Protein Common Interface Database

Please refer to HELP section for using ProtCID web site.

Protein Common Interface Database

(Based on Pfam v34.)

ProtCID contains comprehensive, PDB-wide structural information on the interactions of proteins and individual protein domains with other molecules, including four types of interactions: chain interfaces, Pfam domain interfaces, Pfam-peptide interfaces and Pfam-ligand/nucleic acids interactions. A common interaction here indicates chain-chain or Pfam domain-domain interfaces that occur in different crystal forms or Pfam-peptide or Pfam-ligand interactions that occur in multiple homologous proteins.

Its main goal is to identify and cluster homodimeric and heterodimeric interfaces observed in multiple crystal forms of homologous proteins, and interactions of peptide and ligands in homologous proteins. Such interfaces and interactions, especially of non-identical proteins or protein complexes, have been associated with biologically relevant interactions [1]. For more details about the algorithm and benchmarking, please refers to our paper "Statistical Analysis of Interface Similarity in Crystals of Homologous Proteins." and the Help File.
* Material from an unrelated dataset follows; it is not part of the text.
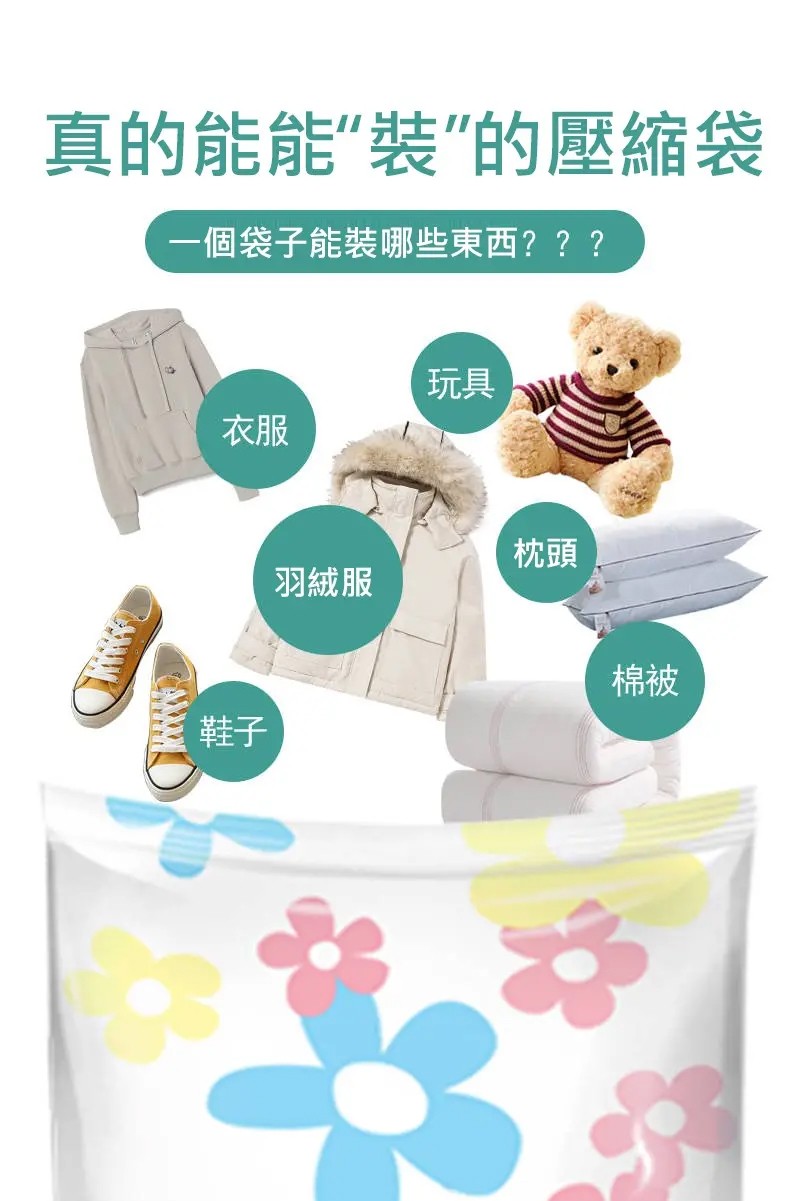 15分鐘前掛式真空壓縮袋推薦,輕鬆節省衣櫃空間 - 【買5送5】尺寸任選★贈電動抽氣機★ NT$1299

Chain-chain interfaces [2]. All protein sequences in the PDB are assigned a "Chain Pfam architecture", which denotes the ordered Pfam assignments for that sequence, e.g. (Pkinase)_(SH2) or (Cyclin_N)_(Cyclin_C). Then we compare homodimeric interfaces in all crystals that contain a particular architecture, for instance (Pkinase)_(SH2), regardless of whether there are other protein types in the crystals. We also compare all interfaces between two different Pfam architectures in all PDB entries that contain them, e.g. (Pkinase) and (Cyclin_N)_(Cyclin_C). For both homodimers and heterodimers, the interfaces are clustered by a distance-weighted Jaccard-index metric (similarity score, Q score) based on shared residue-residue contacts across each interface.
Pfam domain-domain interfaces[3]. We use Pfam domains defined in our PDBfam database. PDB entries are grouped into Pfam pairs of individual Pfam domains from single and multi-domain proteins. This includes both same-Pfam pairs and diffferent Pfam pairs. One entry may belong to different Pfam pairs, if it contains more than one Pfam domains. Domain-domain interfaces are also clustered based on Q scores.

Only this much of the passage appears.